One the other hand, Harper also thinks that the concept of Americans being opposed to prayer in schools is a myth.

“You're tempted to see a poll like this and say, ‘Oh wow, there's a resurgence in America,’ – and actually there is a resurgence in America in faith – but Americans have not been as opposed to prayer in schools as the media has led us to believe,” Harper says. “There was a vocal minority and some bad court rulings that really took prayer out of school, not an overwhelming uprising.”
Harper further claims that religion never actually left schools voluntarily. Instead, Christianity was replaced with wokeism or liberalism.
“We've seen that this idea that the classroom is a level playing field or a place where politics and religion can't enter is a myth. Because they took prayer out of schools, then they just replaced the Bible with the LGBT flag, and they replaced prayer with the mantras of Black Lives Matter, pride, and different DEI teachings,” Harper explains.
Gonzalez says that the increased polling numbers and change in religious mindset stem from the changes seen in religious policies.
In a number of states, the response to wokeism’s advance is the search for new ways to teach Christianity.

“Laws, like the ones we're working on across the country right now to allow schoolchildren and their parents to opt their children into religious teaching at a local church, for example, are passing in state after state.” Gonzalez says.
He brought attention to the work done by Governor Greg Abbot (R-Texas), who signed Senate Bill 10. This bill requires that the Ten Commandments are hung in every public classroom. He also signed Senate Bill 11, which gives students and teachers daily voluntary time to read religious texts and pray during school hours.

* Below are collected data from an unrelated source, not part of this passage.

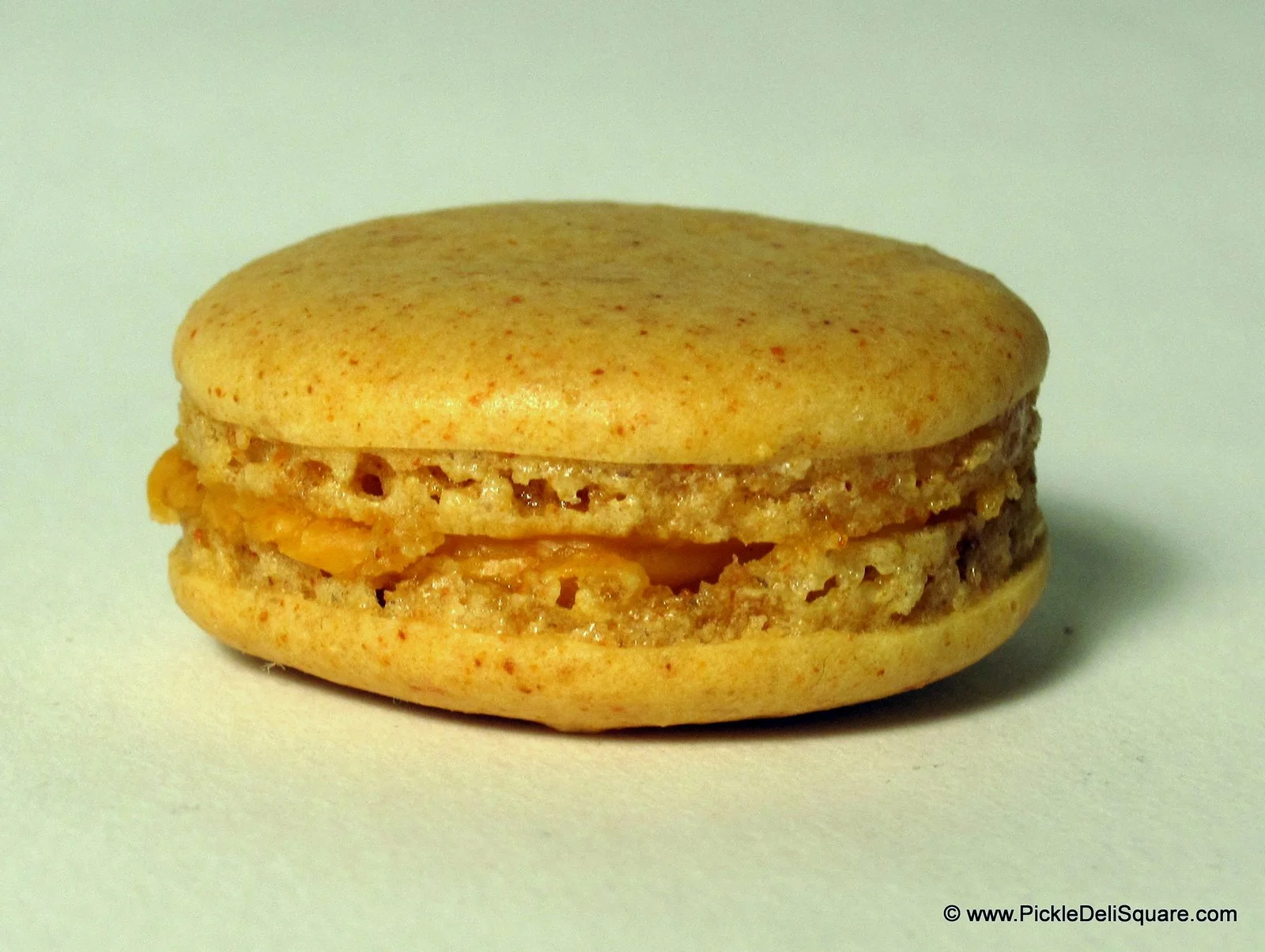 I also tried some more "out there" flavors like spicy paprika (spicy paprika in the meringue, and white chocolate paprika ganache filling). That's pictured below. I also made one with turmeric in the meringue and garam masala in the filling.
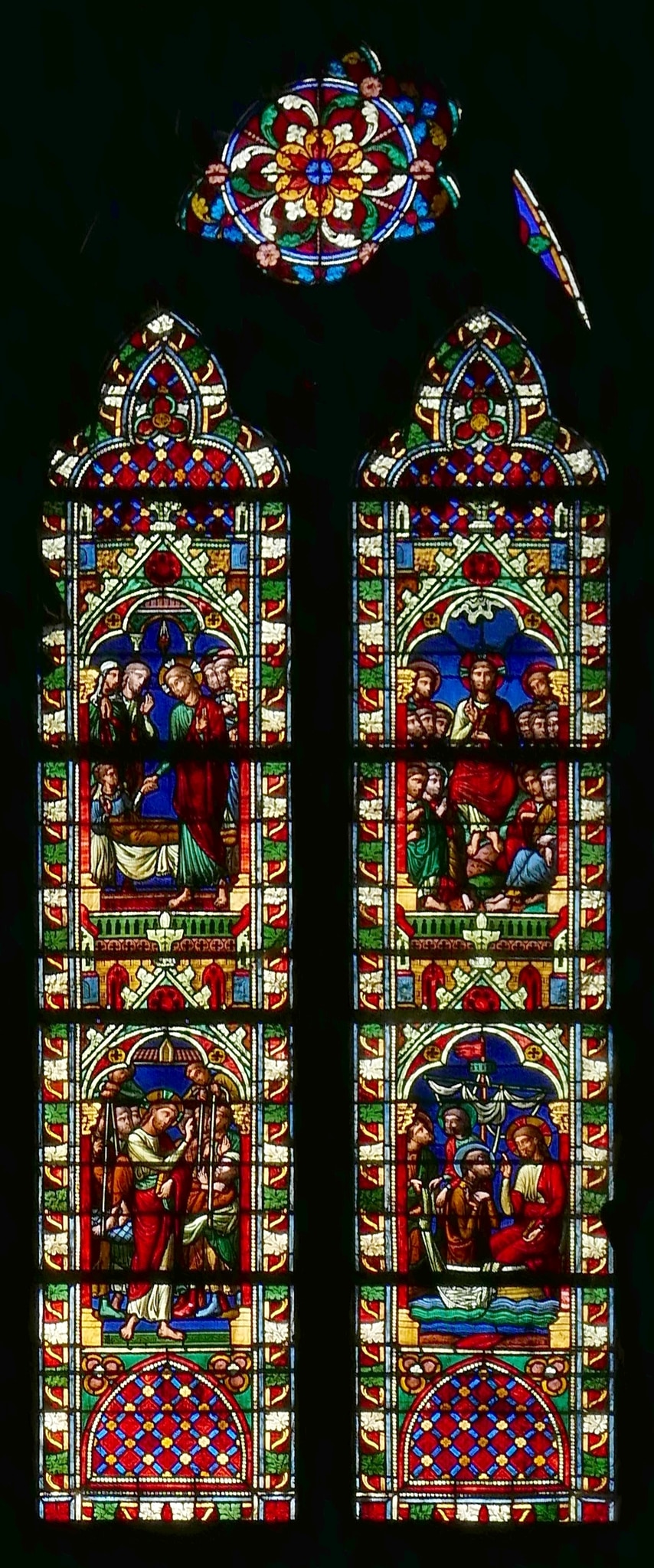 Masswerkfenster mit zwei in Nonnenköpfen endenden Lanzetten; darüber Sechspass als Couronnement. Beide Lanzetten enthalten über einem architektonischen Sockel zwei Bildszenen auf blauem Grund, die von krabbenbesetzten Baldachinen im Stil der Gotik überfasst und von unten nach oben und von rechts nach links gelesen werden. Rechts unten ist der wunderbare Fischzug des Simon Petrus gezeigt (Lk 5, 4–11): Die Jünger ziehen ein Netz voller Fische an Bord eines Schiffes, während der reuige Petrus vor dem predigenden Jesus Christus kniet. Rechts oben ist die Berufung und Aussendung der zwölf Apostel dargestellt (Mt 10, 1–15): Jesus sitzt von seinen Jüngern umgeben und lehrt sie ihren Auftrag. Die Bildszene unten links zeigt die Heilung eines Gelähmten in Kapernaum (Mk 2, 1–12): mehrere Männer lassen das Bett mit dem Gelähmten an Seilen zu Jesus Christus hinunter, der den Kranken segnet. Oben links ist zu sehen, wie Jesus Christus ein junges Mädchen vom Tod auferweckt (Mk 5, 35–43): Umgeben von mehreren Menschen fasst Jesus das auf dem Bett liegende Kind bei der Hand und weist es an aufzustehen.
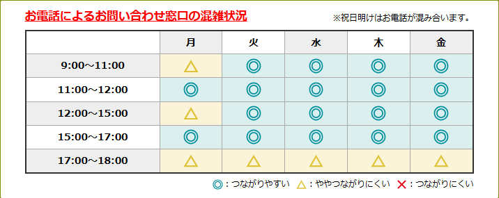 解約アドバイザー混みやすいのは休み明け、お昼、仕事終わりの時間帯なので、それを避けましょう。
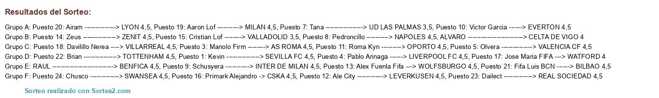 Lista de participantes: Puesto 1: Kevin ---------------> SEVILLA FC 4,5, Puesto 3: Manolo Firm --------> AS ROMA 4,5, Puesto 4: Pablo Arinaga ------> LIVERPOOL FC 4,5, Puesto 5: Olvera --------------> VALENCIA CF 4,5, Puesto 7: Tana -----------------> UD LAS PALMAS 3,5, Puesto 8: Pedroncillo ----------> NAPOLES 4,5, Puesto 9: Schusyera -----------> INTER DE MILAN 4,5, Puesto 10: Victor Garcia ------> EVERTON 4,5, Puesto 11: Roma Kyn ---------> OPORTO 4,5, Puesto 12: Ale City ------------> LEVERKUSEN 4,5, Puesto 13: Alex Fuenla Fifa ---> WOLFSBURGO 4,5, Puesto 14: Zeus ---------------> ZENIT 4,5, Puesto 15: Cristian Lof --------> VALLADOLID 3,5, Puesto 16: Primark Alejandro -> CSKA 4,5, Puesto 17: Jose Maria FIFA ---> WATFORD 4, Puesto 18: Davilillo Nerea ----> VILLARREAL 4,5, Puesto 19: Aaron Lof ----------> MILAN 4,5, Puesto 20: Airam --------------> LYON 4,5, Puesto 21: Fifa Luis BCN ------> BILBAO 4,5, Puesto 22: Brian ---------------> TOTTENHAM 4,5, Puesto 23: Dailect -------------> REAL SOCIEDAD 4,5, Puesto 24: Chusco -------------> SWANSEA 4,5, RAUL ----------------------------> BENFICA 4,5, ALVARO -------------------------> CELTA DE VIGO 4.
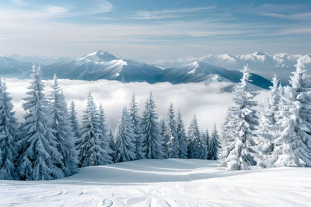 Mountain landscape with snow covered fir trees and blue sky with clouds
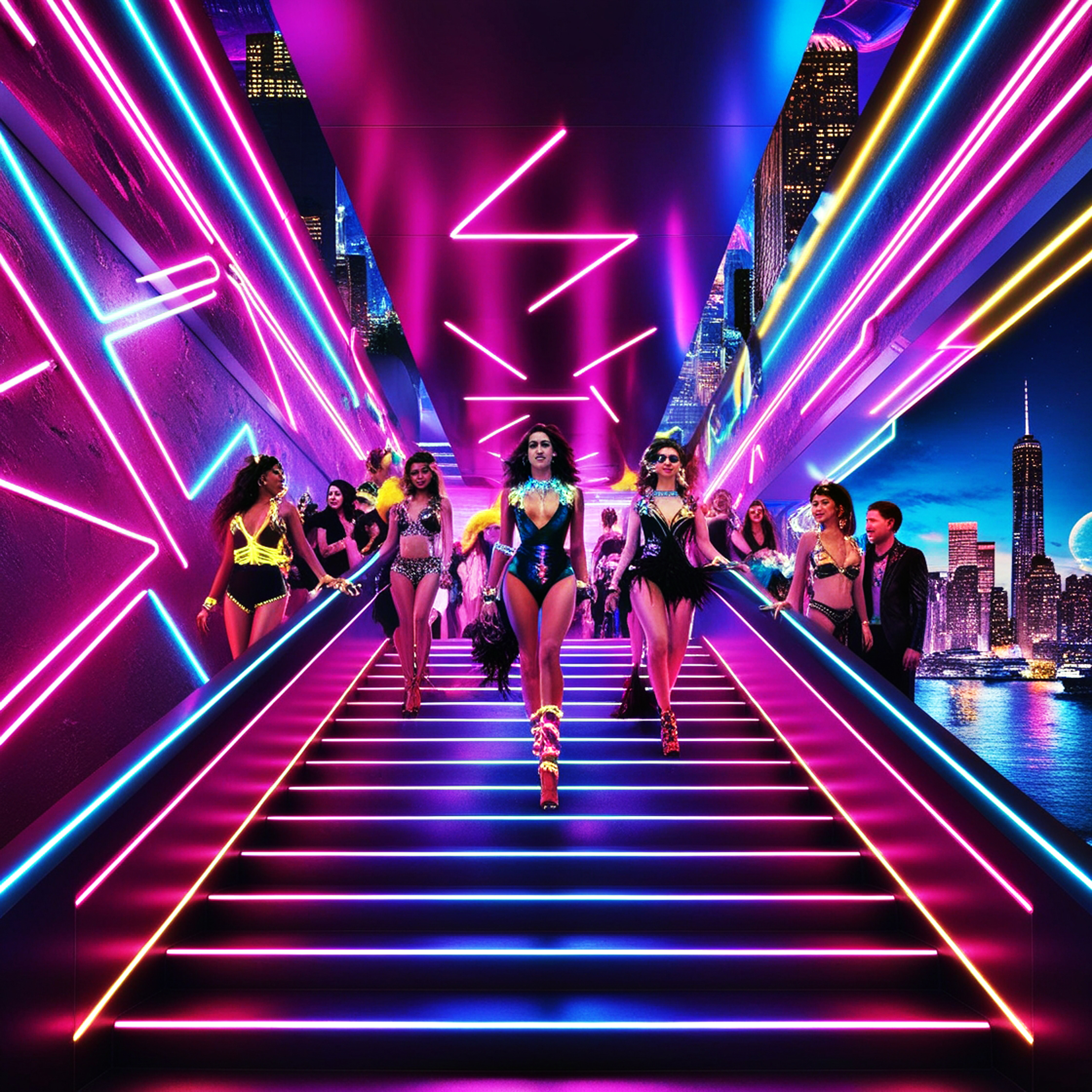 Unique dance sets that blend fashion, music, and light.
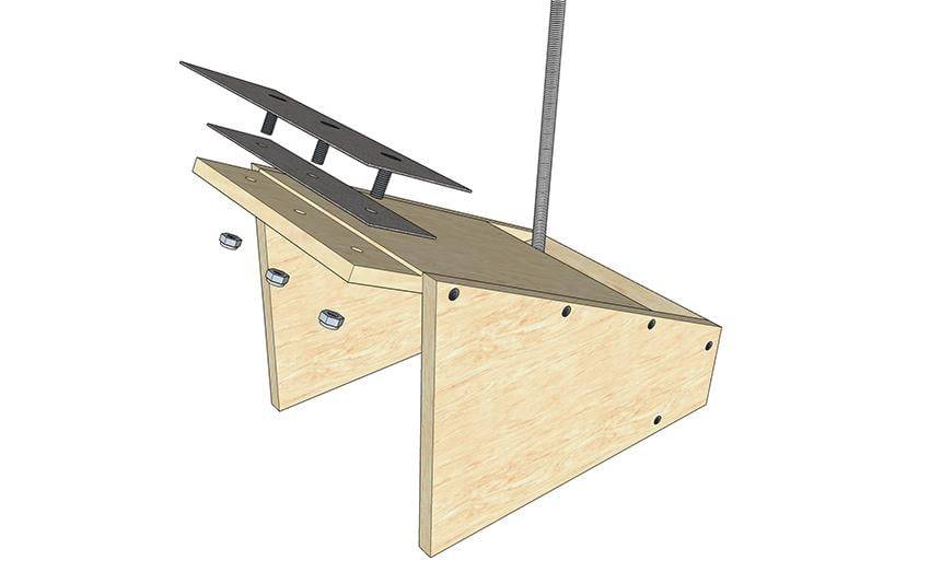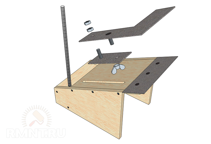 После подготовки и укомплектования материалами можно приступать к процессу сборки приспособления. В первую очередь берем фанеру для использования в качестве станины, которая должна опираться на крепежные ножные под определенным углов в диапазоне от 15 до 20 градусов. После этого в нижнюю часть, закручивается подготовленная нами шпилька, ее длина должна составлять примерно 35-40 см. Чтобы посадочную резьбу сделать более прочной можно использовать клей или герметик.
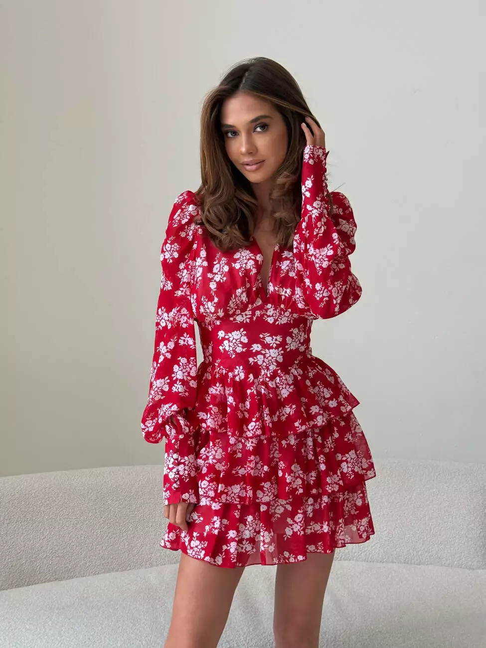 Сукня VIKKY колір квіти білі на червоному
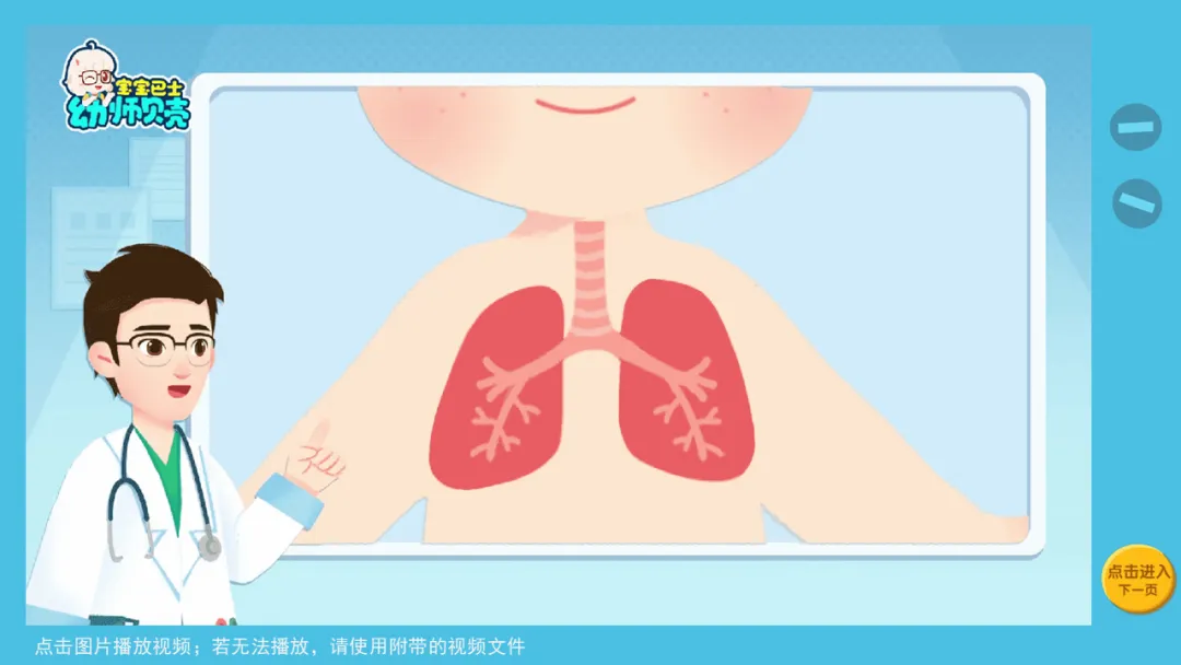 播放动画视频及图片“肺部”,引导幼儿初步了解肺的位置以其作用。

Recently, the Supreme Court ruled that parents are allowed to pull their children from a class if the material clashes with their religious beliefs. This case mainly focused on parents who did not want their children to attend lessens that highlighted LGBTQ characters.
However, Gonzalez does not think that policy change is the most encouraging part of this religious return.
“But really the most encouraging thing to me on this front is the rise of revival on college campuses and among youth in schools, that is where the change is really going to come from,” Quena shares.
Research released from the Barna group in April confirms that Gen Z is showing an increase commitment to Jesus, especially among young men.